President Obama was asked to amend the health care law's requirement involving businesses by waiving it for a year. Republicans trying to repeal the law wanted at least that from him. He acquiesced, delaying the requirements until 2015 by executive order. Now he's being sued by the GOP-majority House for sidestepping the law, which Republicans want to repeal anyway.
In other words, House Speaker John Boehner is filing this suit on behalf of the full House of Representatives - over the objections of House Democrats, who don't want have anything to do with such a lawsuit, and five Republicans, who opposed the suit not because they thought it was frivolous but because they don't think it goes far enough - and the President is being sued for giving GOP-friendly interests what they wanted.

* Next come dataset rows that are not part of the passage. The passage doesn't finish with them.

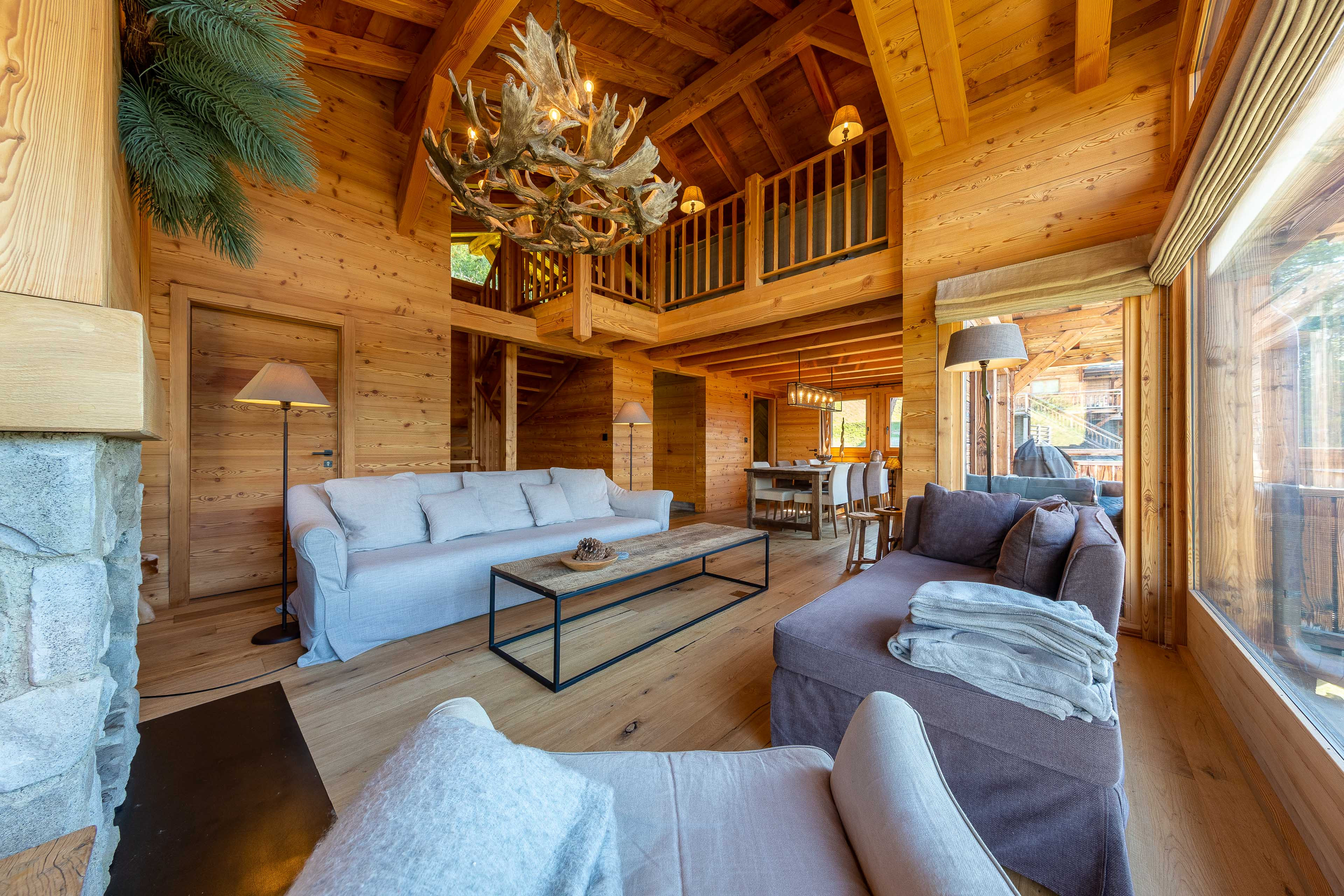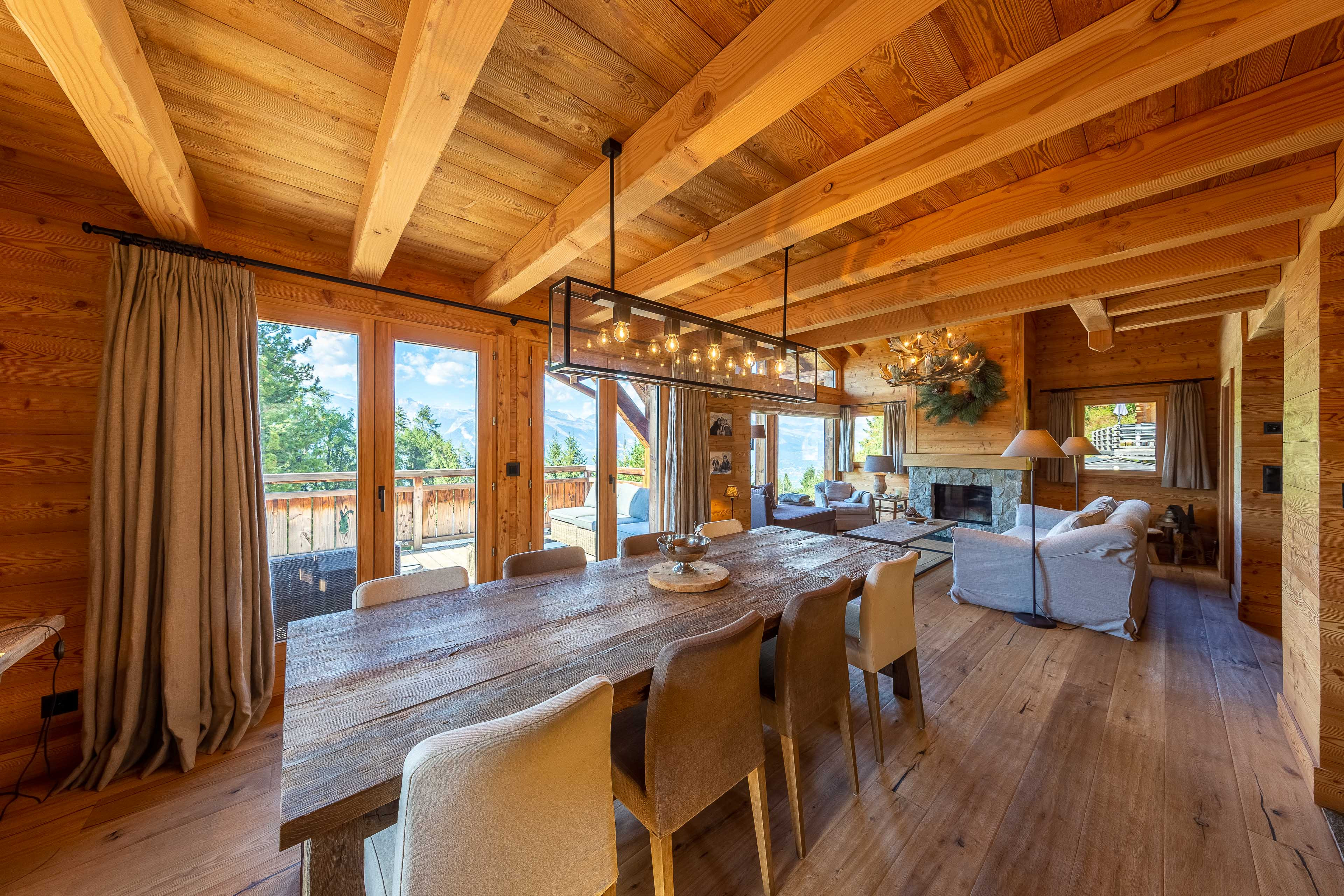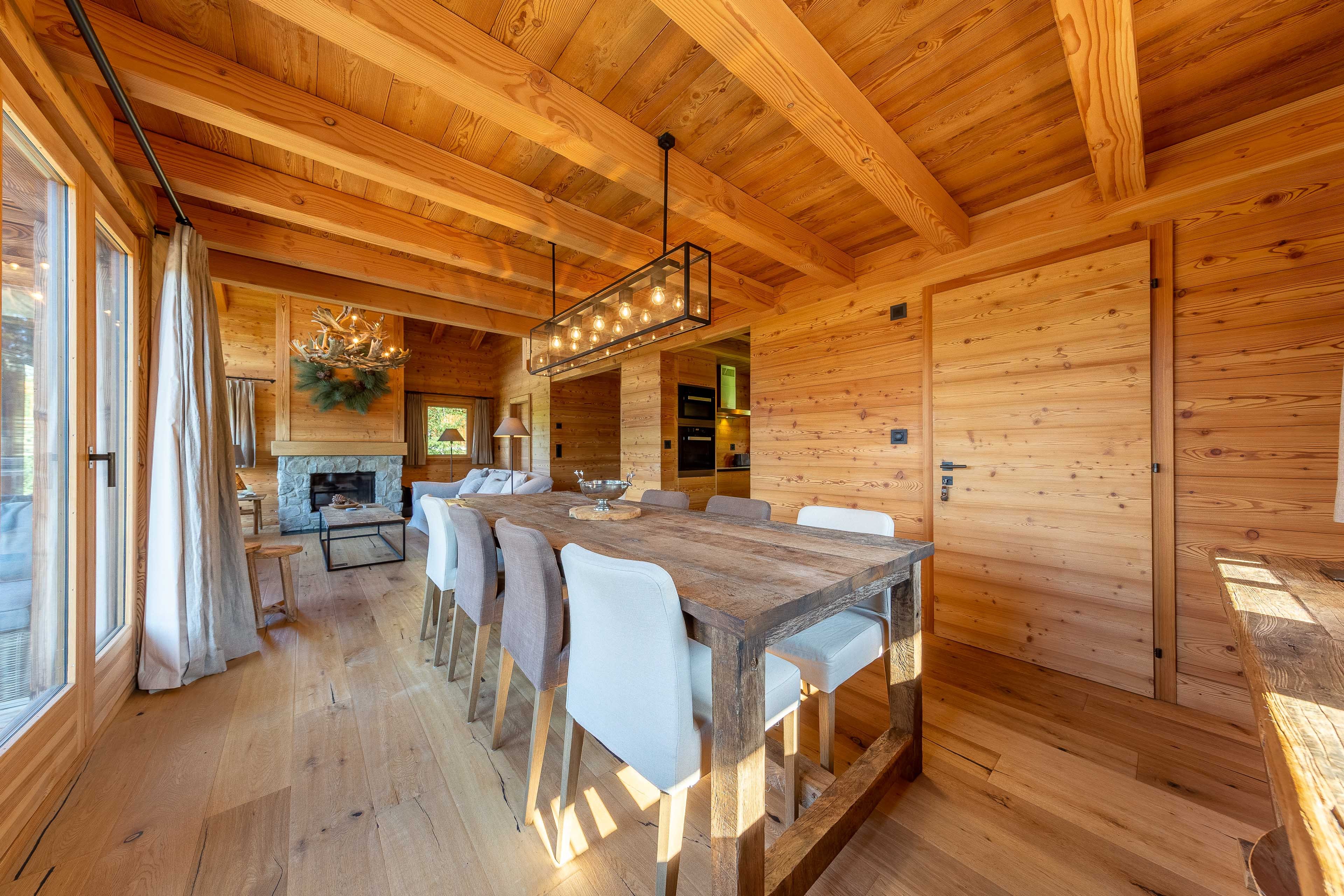 * Grand salon/salle à manger avec cheminée
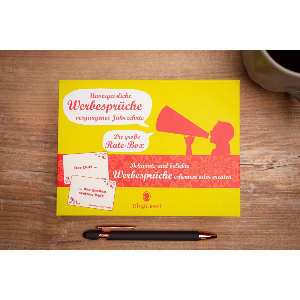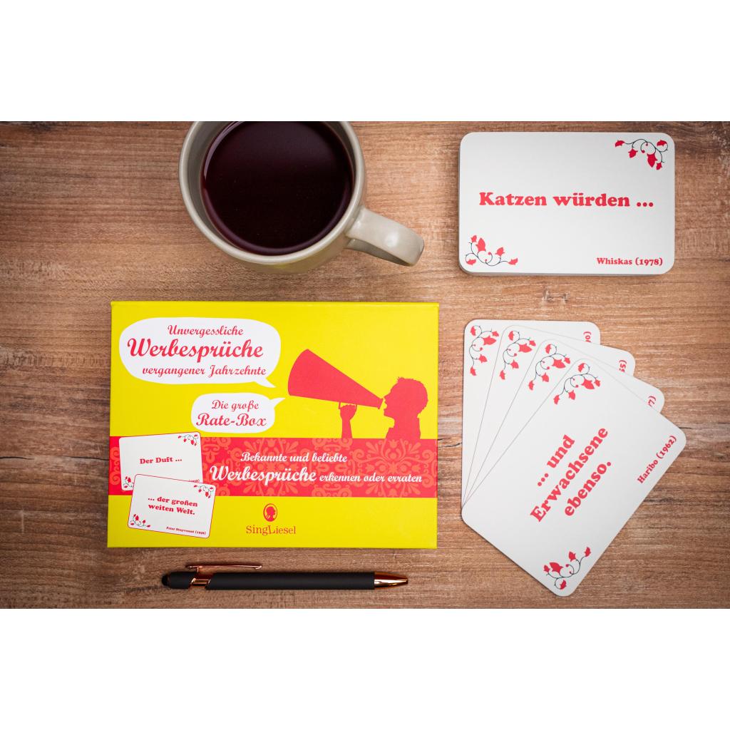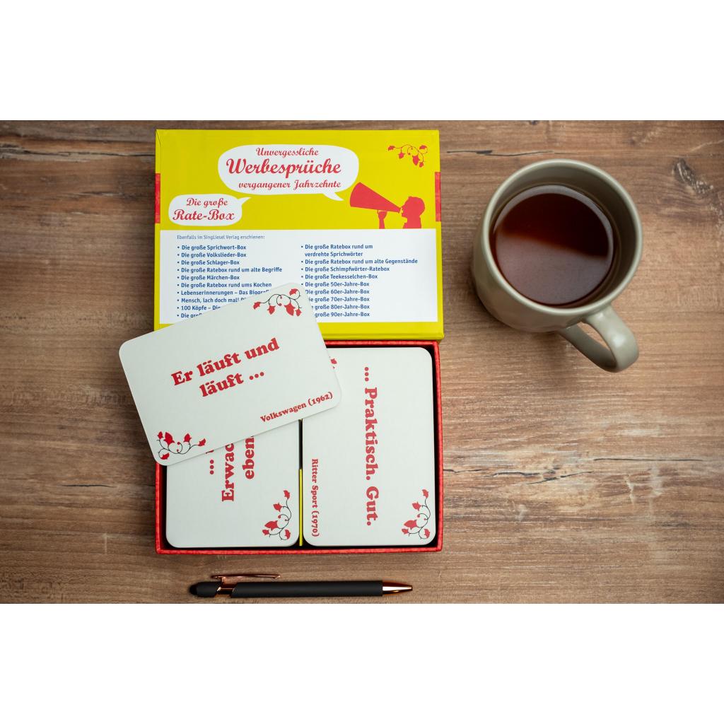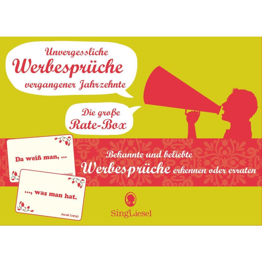 Die große Rate-Box "Unvergessliche Werbesprüche vergangener Jahrzehnte" enthält 100 Karten mit bekannten Werbesprüchen. Diese Sammlung unvergesslicher Werbesprüche ist ein unterhaltsames und bewährtes Gedächtnis- und Ratespiel. Die Spielidee ist einfach und bereitet deshalb immer wieder großen Spaß: Auf der Vorderseite der Karten ist nur der Anfang eines Werbespruchs zu sehen. Der zweite Teil des Werbespruchs kann aus dem Gedächtnis ergänzt oder erraten werden. Diese Spielidee macht natürlich auch umgekehrt Spaß. Beginnen Sie einfach mit dem Ende des Werbespruchs und erraten Sie den Anfang. Zu jedem Werbespruch erfahren Sie zudem das Ursprungsjahr, das manchmal überraschen wird. Die liebevolle nostalgische Gestaltung der Karten und das XXL-Format fördern die Freude an diesem vergnüglichen Ratespiel.
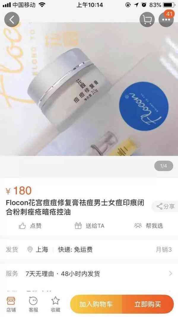 以“花宫痘痘修复膏”为例,前日(19日),淘宝有四个商家在售。四家的客服均确认,这款产品没有外包装,没有生产企业和标准文号等信息。
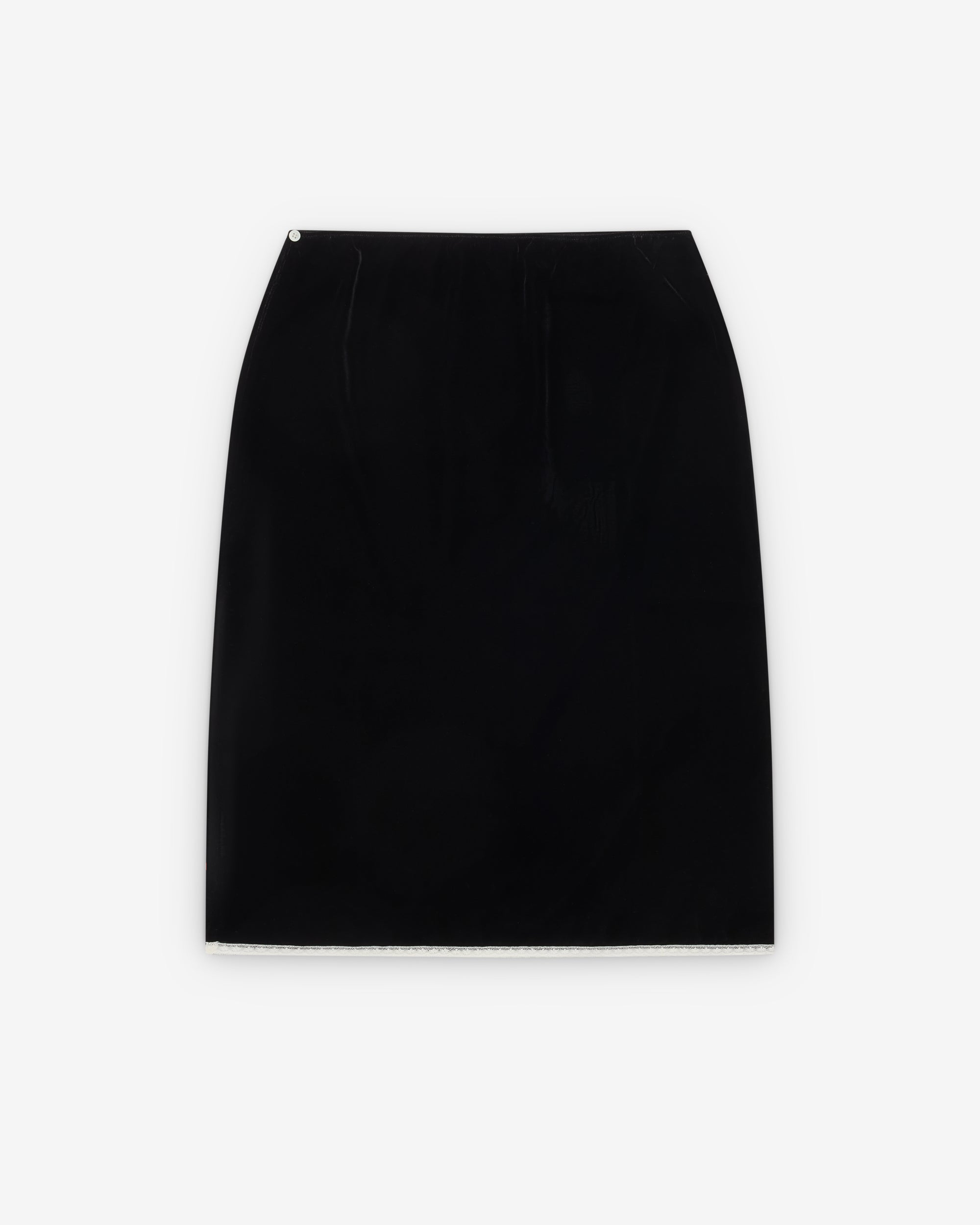 Pencil silhouetteUnlined garmentSide button closureSartorial logo label
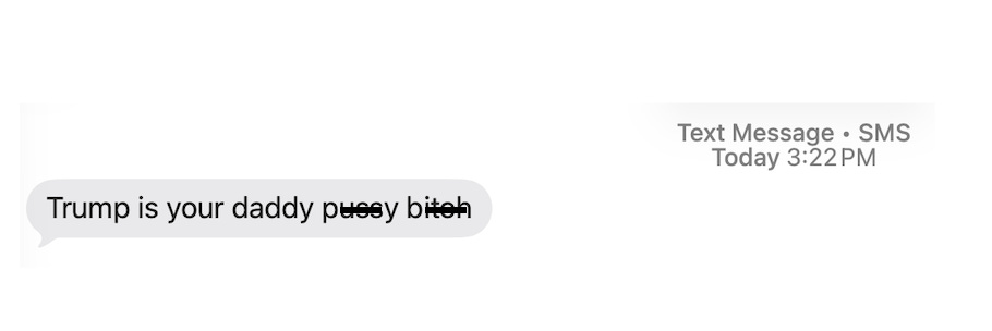 On a personal note, my phone number appears to have been leaked today. I received this message attacking me directly. I crossed out parts of the words because they were extremely vulgar:
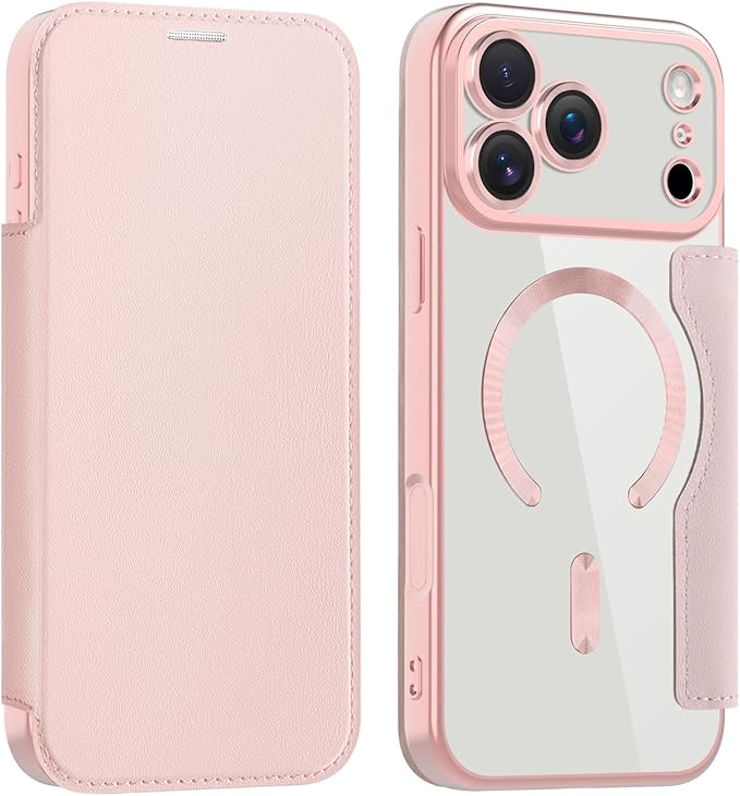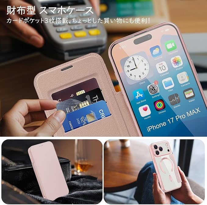 【REHOOF】iPhone 17 pro max ケース 手帳型 magsafe対応 背面 透明 クリア 財布型 アイフォン 17 プロマックス ケース マグセーフ 手帳 ワイヤレス充電対応 カード入れ PU革 レザー スマホケース 軽量 薄型 防塵 耐衝撃 全面保護 スマホカバー(ピンク)
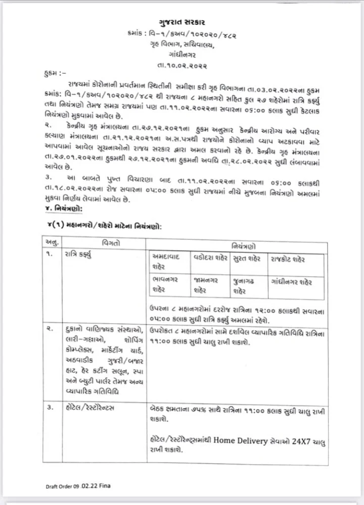 કોર કમિટીમાં લેવાયેલા નિર્ણય અનુસાર હવે 11 ફેબ્રુઆરીથી રાજ્યના માત્ર 8 મહાનગરો માં આગામી 18 ફેબ્રુઆરી 2022 સુધી દરરોજ રાત્રે 12 વાગ્યાથી સવારે 5 વાગ્યા સુધી રાત્રિ કરફ્યુ અમલમાં રહેશે.
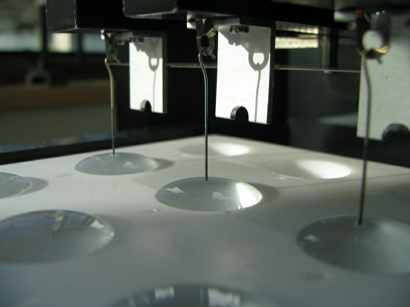 為了給用戶提供最為精確的表面張力/表面壓力,Kibron發(fā)展了一種新的精度超過0.2微克的微量天平,這種靈敏度與“最大拉力”原理相結(jié)合進(jìn)行測(cè)量。測(cè)量時(shí)先將一個(gè)探針浸入到界面,然后慢慢拔出,記錄彎液面(粘附在探針上的液面)的重量,該重量用于計(jì)算表面張力。
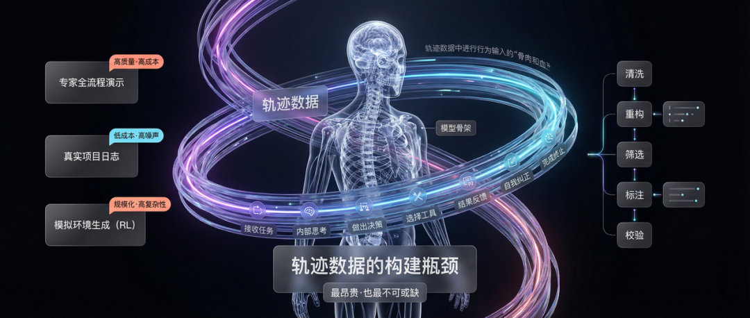 尤其是那种记录了“从接任务 → 思考 → 调工具 → 试错 → 反思 → 完成任务”全流程的轨迹数据——这个东西贵得离谱,而且还没法量产。
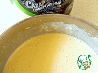 Взбить яйца со 100 г сахара "Универсальный" от "Мистраль" и сметаной. Ввести остывший заварной крем и перемешать. |
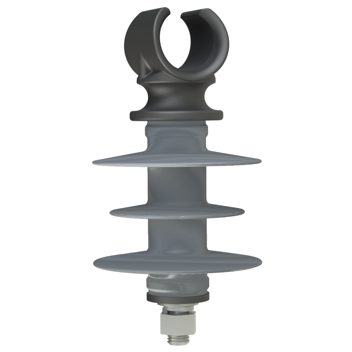 Предназначен для установки непосредственно на траверсу со сквозным отверстием при помощи резьбового штыря нижнего оконцевателя, шайб и гайки. Оконцеватели, как правило, изготавливаются с резьбой М20, М22, М24. Конструкция изолятора обеспечивает крепление неизолированных проводов по ГОСТ 839 и изолированных проводов СИП по ГОСТ Р 52373 различными способами – провод может быть закреплён в жёлобе или на шейке изолятора при помощи спиральных вязок.
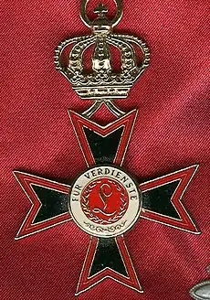 La insignia de la orden es una cruz octógona de oro rojizo (es decir una aleación de oro, plata y cobre, aunque las últimas cruces realizadas en 1918 eran de plata sobredorada),[2] esmaltada como si contuviera dos cruces concéntricas una menor que la otra, la más grande, de color rojo, llega hasta el borde dorado de la cruz; y la más pequeña, cercana al centro es de color negro. En el centro de la Cruz, hay en su anverso un medallón pequeño esmaltado de rojo que contiene la inicial gótica "L" del fundador en dorado, rodeada de una corona de laureles de lo mismo. Alrededor del medallón, un anillo ancho esmaltado de blanco con la divisa: "FÜR VERDIENST" (al mérito) en dorado y superando el medallón central; en la parte inferior del anillo un adorno de fitaria dorado. En el reverso el medallón central, de fondo negro, contiene una inscripción dorada en cuatro líneas: "GOTT EHRE VATER LAND" (Dios, honor, patria); alrededor del mismo un anillo ancho con una corona láurea esmaltada de verde. Sobre la cruz una corona real.
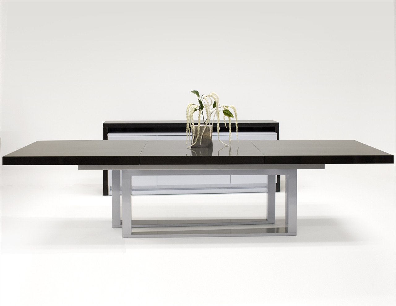 The Domino Dining Table in Gray Oak veneer with clear lacquer is a contemporary, rectangular table that has extensions on each end. Resting on two triangular shaped legs, the base differentiates itself with its gray lacquer finish. Complete the Look: Domino Buffet, Armchair, Chair

If President Obama tries to handle by the crisis of Central American children entering the country illegally via Mexico - an issue the Republicans have proven to be incapable of handling even as a law enforcement, rather than a humanitarian issue - the Republican House will impeach him for overstepping his authority with executive orders. On the other hand, they're demanding that they do something about the border crisis by . . . executive order.
Ri-i-i-i-i-ght . . .
The President thinks he can score political points for the Democrats in the congressional midterms by exposing the Republicans as a party in disarray that can't do anything. Oh no, he won't. The President's popularity remains stuck in the low forties, it's even lower in states where Democratic Senate incumbents and challengers are trying to get traction in this year's U.S. Senate races, and the House is so gerrymandered in favor of the GOP that the Democrats don't have a realistic shot of regaining the majority in that chamber or even expanding their minority until after the 2020 census. And maybe not even then. The Republicans are very well aware of what they're doing as they pull every trick in the book to ensure that they keep the House, regain ,the Senate, and eventually take the Presidency, subsequently consolidating their power and staying in control of Washington until . . . the end of time.
Which could be within the next decade.
If Boehner can sue the President over executive orders, can the American people sue him for congressional disorder?